Top of Data

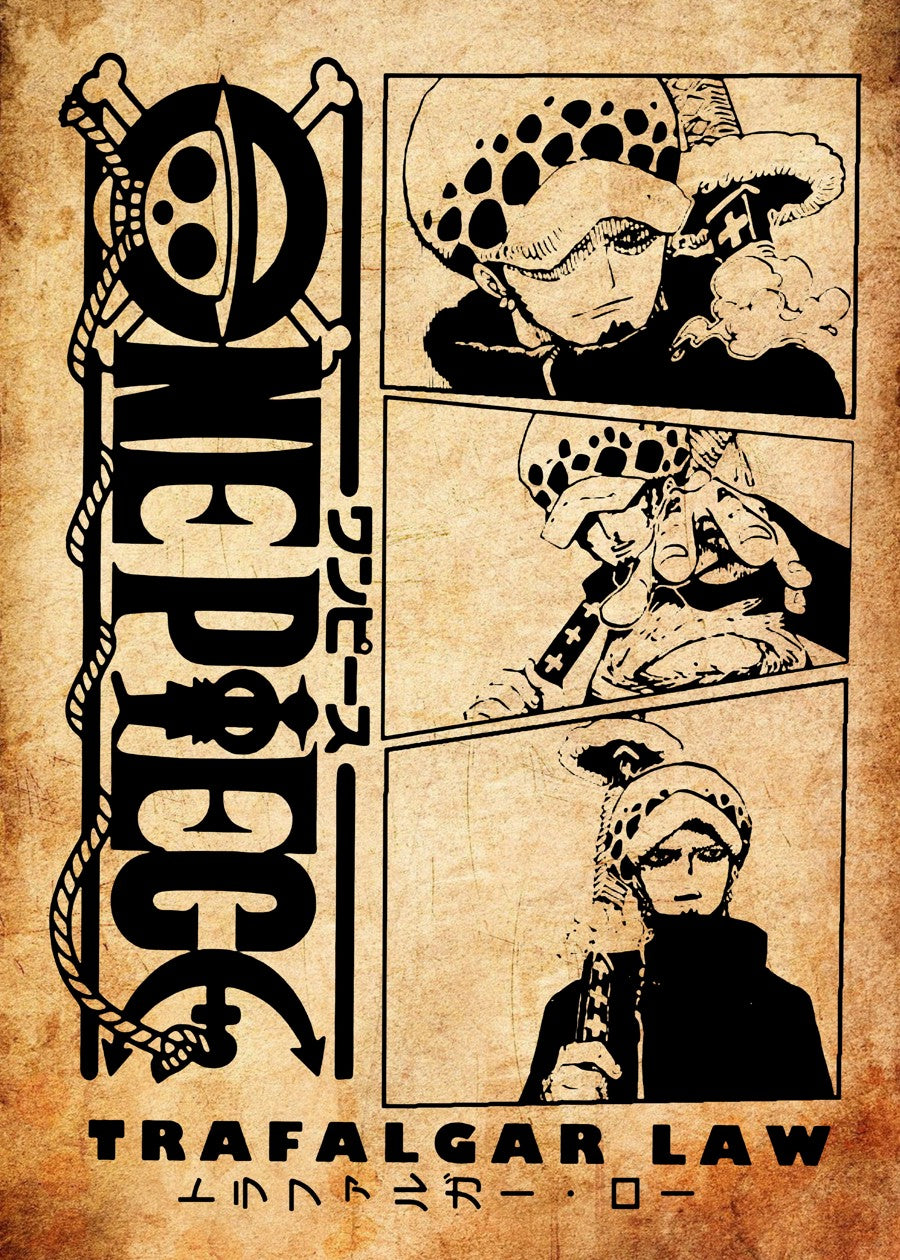 Trafalgar D. Water Law, more commonly known as just Trafalgar Law and by his epithet as the "Surgeon of Death", is a pirate from the North Blue and the captain and doctor of the Heart Pirates. He is one of twelve pirates who are referred to as the "Worst Generation". He became one of the Seven Warlords of the Sea during the timeskip, but his position was revoked for allying with the Straw Hat Pirates. Like many other pirates, Law has dreams of finding the One Piece, while also desiring to know the purpose of the Will of D.
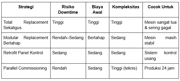 Mesin lama tidak selalu perlu diganti total. Dalam banyak kasus, yang perlu dimodernisasi adalah sistem kontrolnya. Dengan strategi replacement yang tepat seperti modular replacement dan parallel commissioning, perusahaan dapat menjaga kontinuitas produksi sekaligus meningkatkan stabilitas operasional dalam jangka panjang.
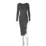 Solid color long-sleeved hip-covering skirt European and American cross-border 2023 winter new women’s sexy backless slit dress dropshipping
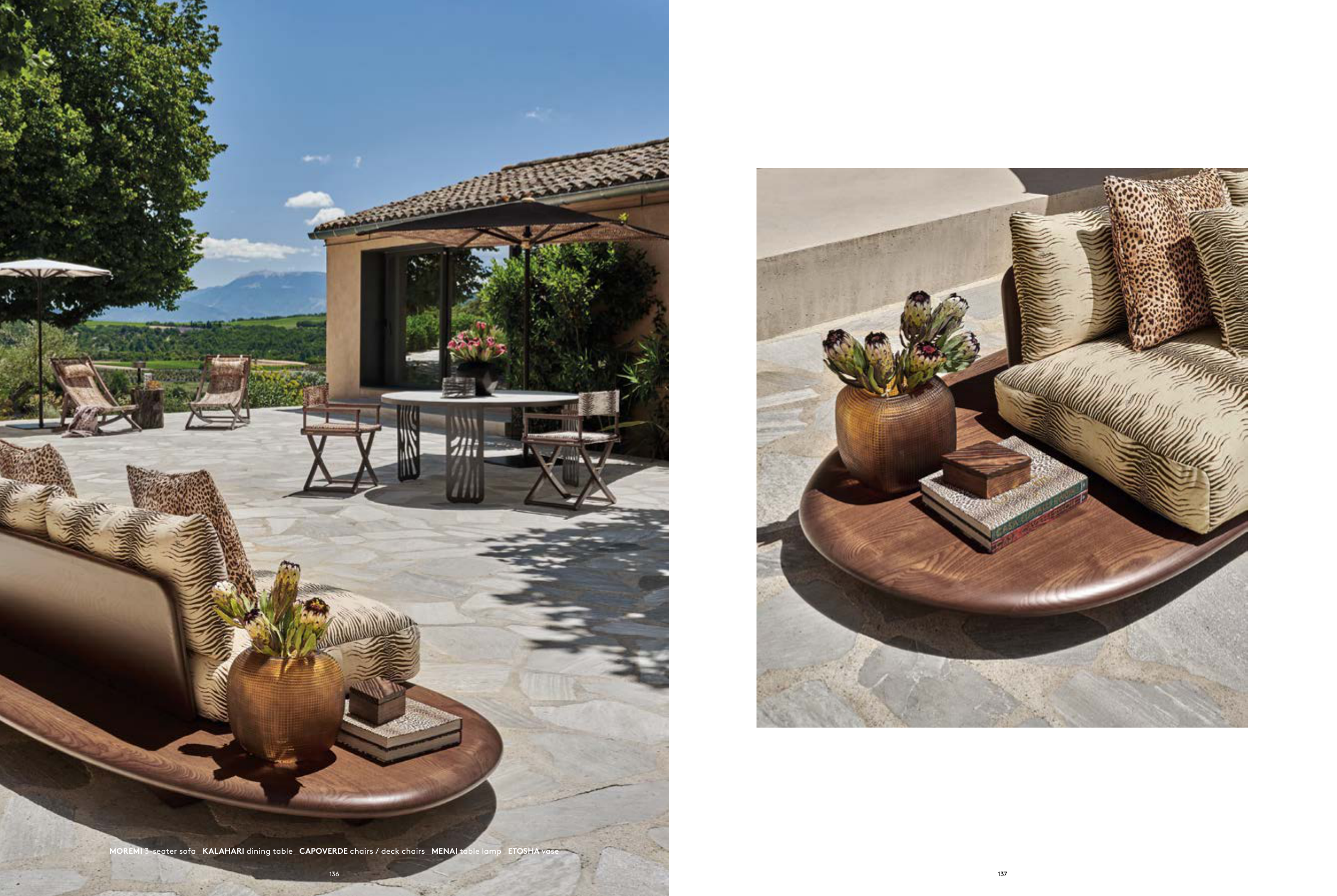 MOREMI 3-seater sofa_KALAHARI dining table_CAPOVERDE chairs / deck chairs_MENAI table lamp_ETOSHA vase
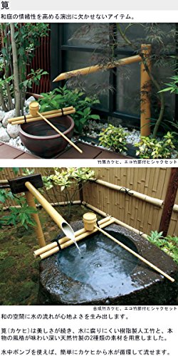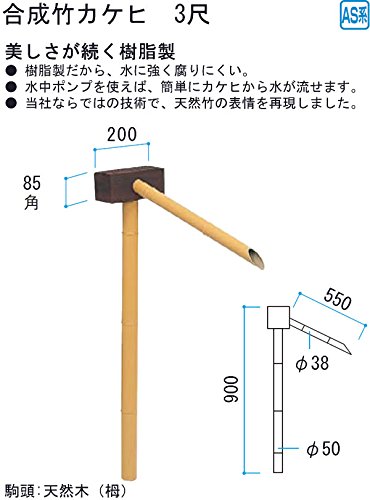 • 樹脂製だから、水に強く腐りにくい。水中ポンプを使えば、簡単にカケヒから水が流せます。天然竹の表情を再現しました。
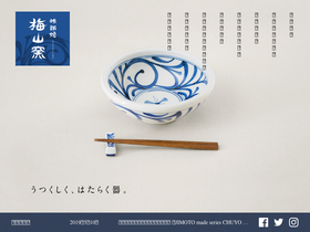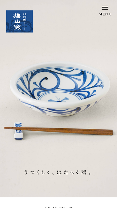 100%梅山窯は、砥部で現存する中で最も歴史のある砥部焼の窯元です。砥部の材質を生かして「用と美」をコンセプトに実用工芸品の製作につとめています。あたたかみのある白磁の器に深い藍色と色絵で描かれた文様と、ぽってりと厚みのある形で作られている梅山窯の器は、飾り気のない健全な美しさを感じられます。
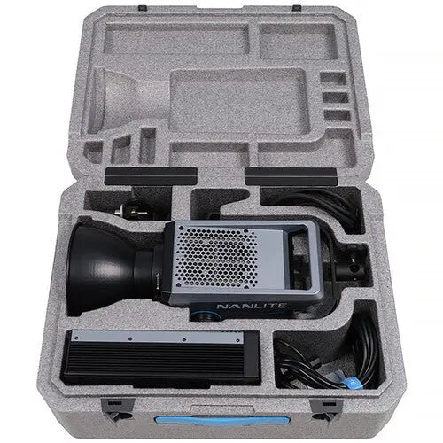 The Nanlite FC-500C RGB LED Spotlight is a powerful 500W light that delivers improved performance with a Kelvin range of 2700 to 7500K, plus 36,000 vivid colors for a wide range of RGB color options. Like its bi-color version, the FC-500C is a compact, stylish AC-powered fixture that can also run on optional V-mount batteries when combined with the separately available FC power controller. With the Nanlite's innovative wing-shaped top housing, the FC500C stands out from other fixtures. It's worth mentioning that this is Nanlite's brightest RGBW light. Delivering an impressive light output, it ensures faithful color reproduction with a CRI of 95 and a TLCI of 94 and provides advanced features with intuitive onboard and remote control.
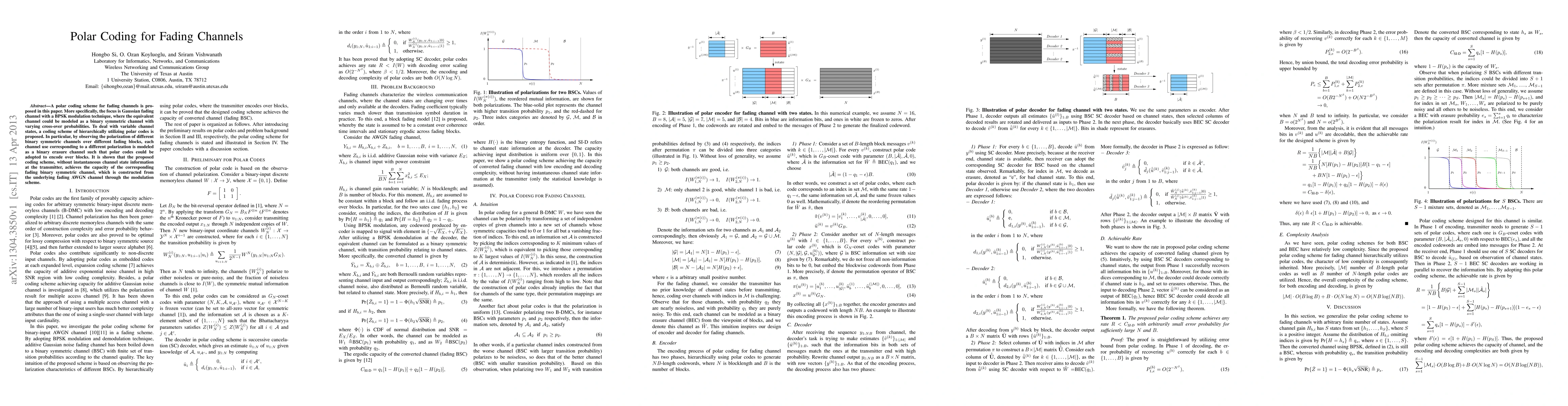This paper proposes a polar coding scheme for Gaussian fading channels with BPSK modulation, modeling varying channel states as binary erasure channels. The scheme hierarchically utilizes polar codes to achieve the capacity of the fading channel without requiring instantaneous channel state information at the transmitter.
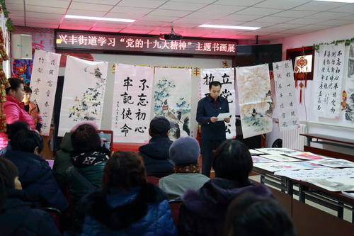 展出的作品主题鲜明,形式多样、构思巧妙,无论是书法还是绘画,创作者皆以丰富的视觉审美、独特的艺术语言、多变的创作形式和充满激情的书画创作,用真挚丰富的情感讴歌党的十九大,用饱蘸深情的笔墨描绘出兴丰街道学习宣传党的十九大精神的最美篇章。(组织部)
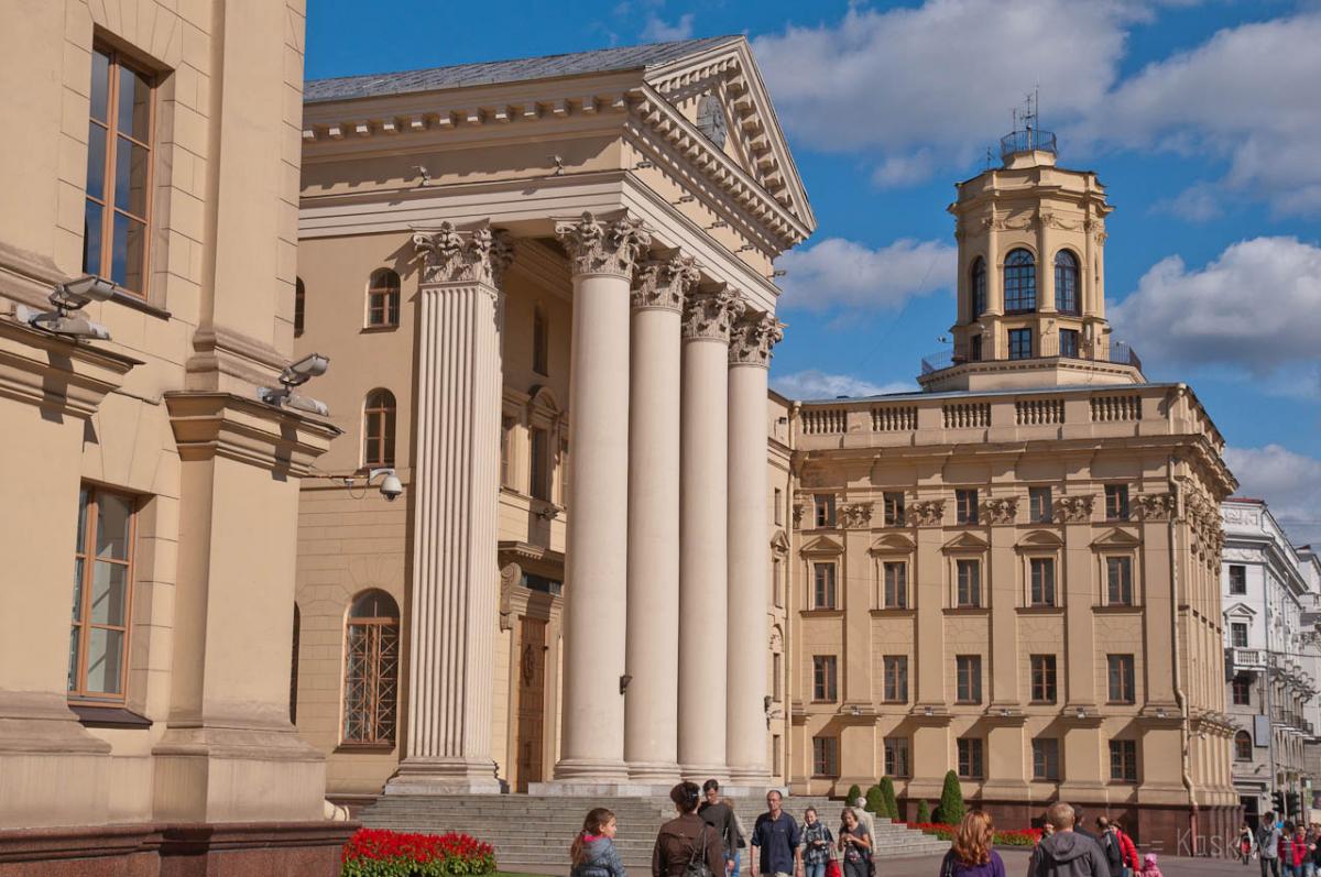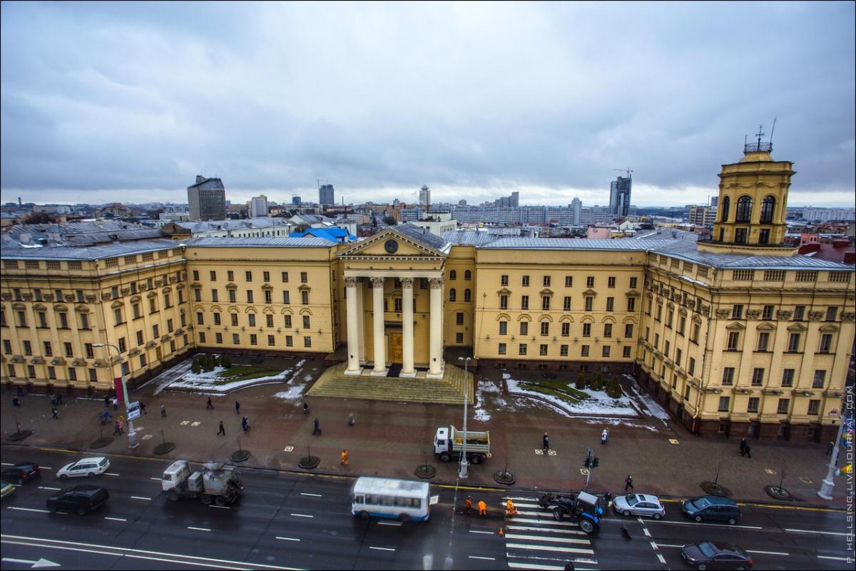 At the end of the war Minsk was in ruins, so the restoration works to improve the appearance of the city began immediately after the war was finished. One of the first buildings constructed at that time was the building of the KGB, which, according to the architects and designers, was supposed to set the overall tone of the architecture of the newly built postwar world.
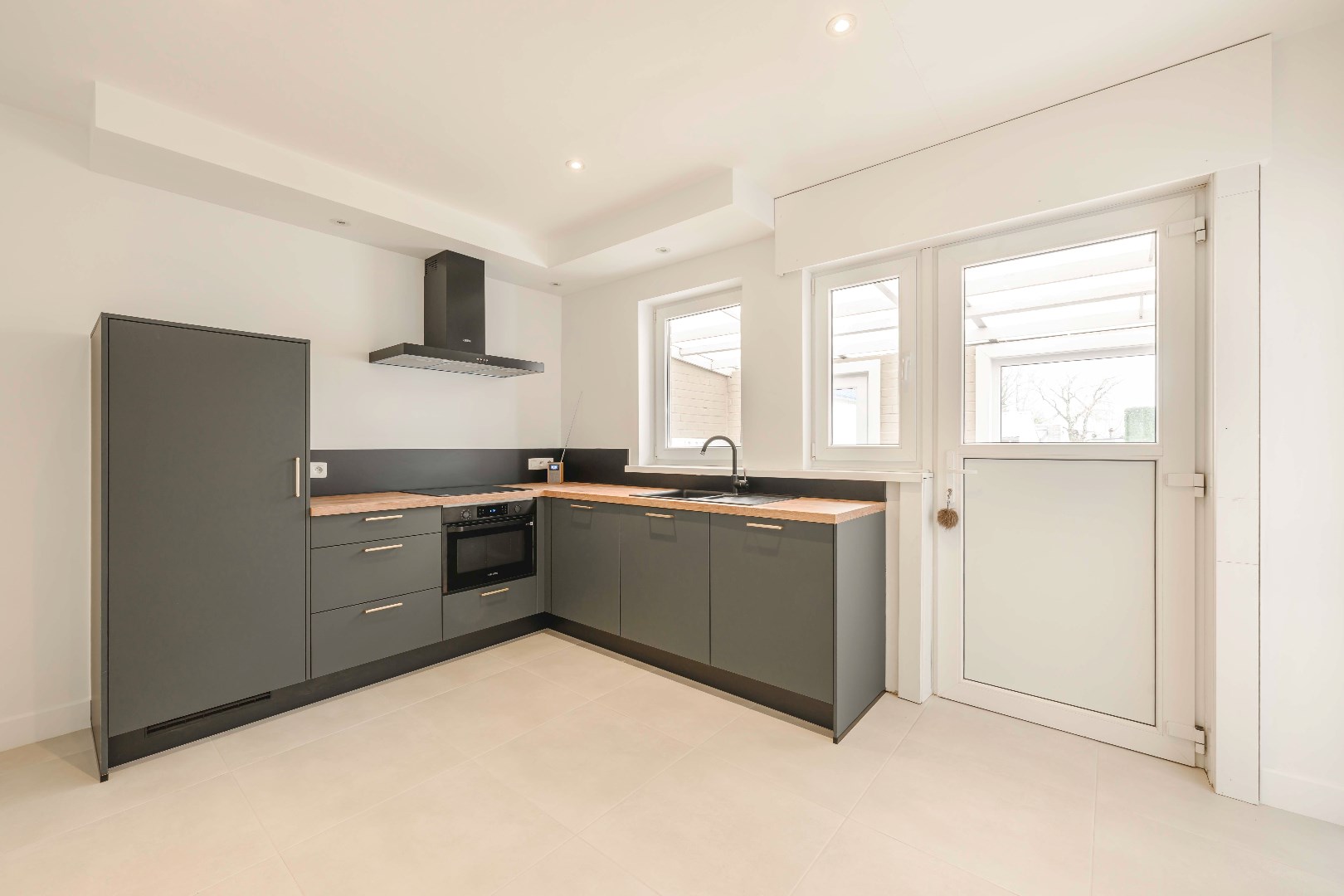U komt binnen via de inkomhal met apart toilet verder is er directe toegang tot de lichtrijke leefruimte (24 m²) met zit- en eethoek. Aansluitend is er de volledig ingerichte keuken 13 m² (kookplaat | dampkap | spoelbak | combi-oven | frigo) met toegang tot de veranda (8 m²) met aansluiting voor wasmachine en droogkast. Deze biedt directe toegang tot de tuin.
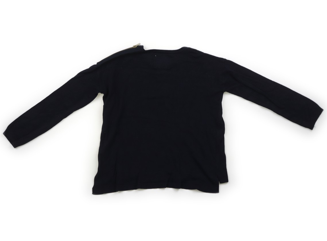 実際のサイズ表記は4-5/110cmです。薄手ニットです。全体に毛羽立ちがあります。裾にヨレあり。肩ファスナーは飾りです。

Bottom of Data

▸ Problem to solve: Nothing but the lines from the one containing "Solid color long-sleeved" through the one containing "This paper proposes" should appear, copied exactly from the material above and without pictures.

▸ Exercise result:
 Solid color long-sleeved hip-covering skirt European and American cross-border 2023 winter new women’s sexy backless slit dress dropshipping
 MOREMI 3-seater sofa_KALAHARI dining table_CAPOVERDE chairs / deck chairs_MENAI table lamp_ETOSHA vase
 • 樹脂製だから、水に強く腐りにくい。水中ポンプを使えば、簡単にカケヒから水が流せます。天然竹の表情を再現しました。
 100%梅山窯は、砥部で現存する中で最も歴史のある砥部焼の窯元です。砥部の材質を生かして「用と美」をコンセプトに実用工芸品の製作につとめています。あたたかみのある白磁の器に深い藍色と色絵で描かれた文様と、ぽってりと厚みのある形で作られている梅山窯の器は、飾り気のない健全な美しさを感じられます。
 The Nanlite FC-500C RGB LED Spotlight is a powerful 500W light that delivers improved performance with a Kelvin range of 2700 to 7500K, plus 36,000 vivid colors for a wide range of RGB color options. Like its bi-color version, the FC-500C is a compact, stylish AC-powered fixture that can also run on optional V-mount batteries when combined with the separately available FC power controller. With the Nanlite's innovative wing-shaped top housing, the FC500C stands out from other fixtures. It's worth mentioning that this is Nanlite's brightest RGBW light. Delivering an impressive light output, it ensures faithful color reproduction with a CRI of 95 and a TLCI of 94 and provides advanced features with intuitive onboard and remote control.
This paper proposes a polar coding scheme for Gaussian fading channels with BPSK modulation, modeling varying channel states as binary erasure channels. The scheme hierarchically utilizes polar codes to achieve the capacity of the fading channel without requiring instantaneous channel state information at the transmitter.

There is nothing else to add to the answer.